● What you have to do
The lines from the one holding "Pretul medaliei contine" to the final line of the listing below are to be duplicated exactly, with both ends included and pictures omitted.

● Given information
---------------
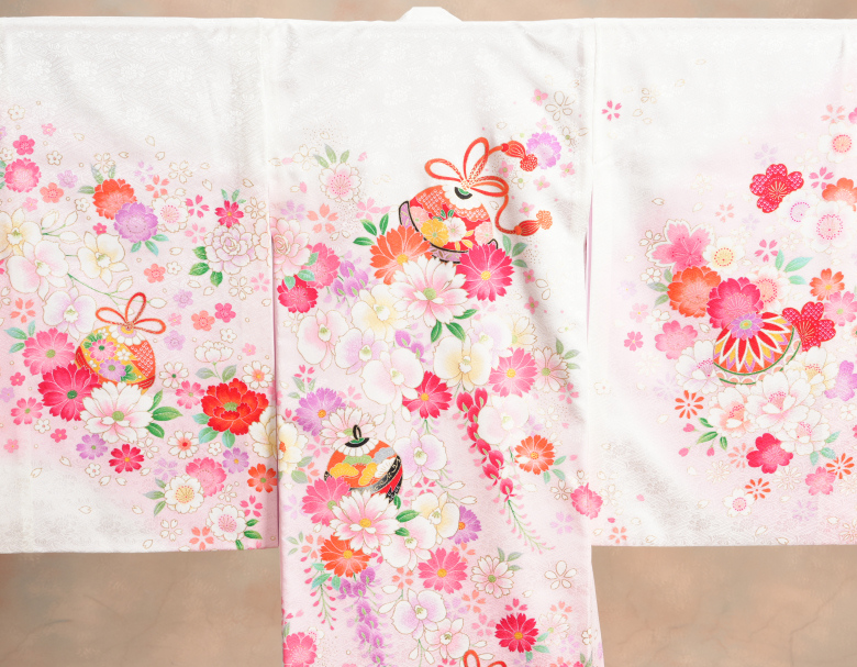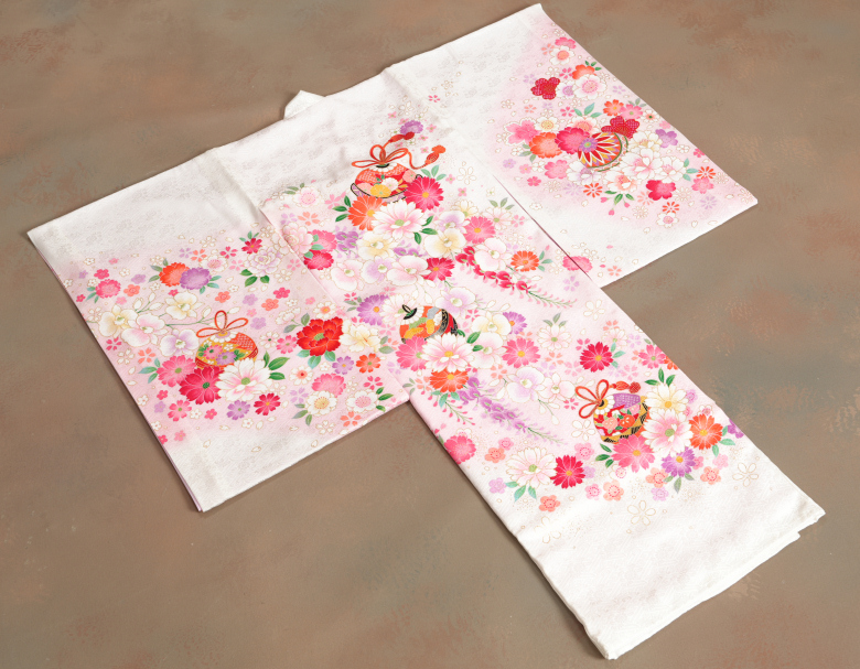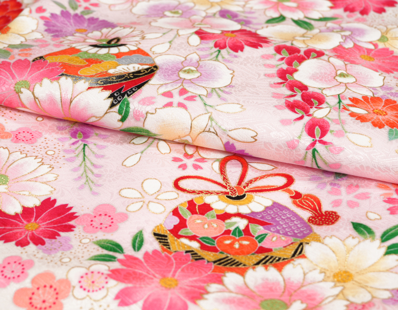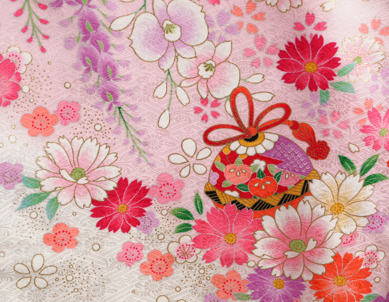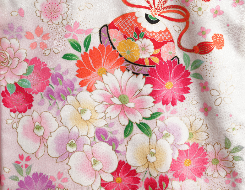 柄域は鈴を中心に八重桜や胡蝶蘭、牡丹、梅などの華花が御着物全体を彩る華やか柄域になります。
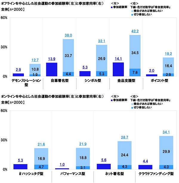 全回答者(2,000名)に、参加したことがある社会運動を聞いたところ、参加したことがある人の割合(以下『参加経験率』)は、オフラインを中心とした社会運動では、「デモンストレーション型(デモ行進や街頭宣伝行動など)」2.9%、「自筆署名型(請願等のために手書きの署名を集める、手書きの署名を行う)」13.9%、「シンボル型(バッジを付ける、マークのある商品を買うなど)」5.3%、「金品支援型(募金活動を行う、金銭や物品を寄付する)」14.1%、「ボイコット型(抗議行動としての商品の不買、イベントの不参加、サービスの拒否など)」2.0%となりました。
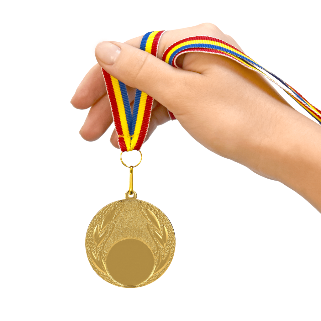 Pretul medaliei contine panglica tricolor si personalizarea
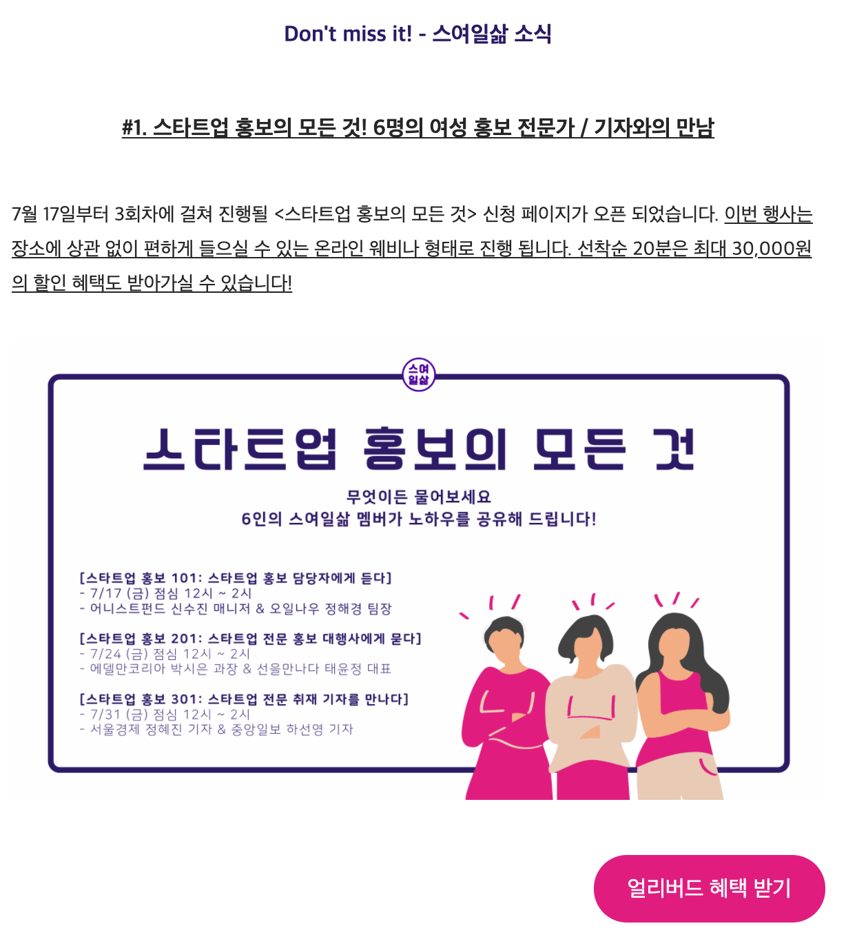 - 누구에게: 스타트업 여성들에게 (스여일삶 멤버들에게)
---------------
● Solution to this task
 Pretul medaliei contine panglica tricolor si personalizarea
 - 누구에게: 스타트업 여성들에게 (스여일삶 멤버들에게)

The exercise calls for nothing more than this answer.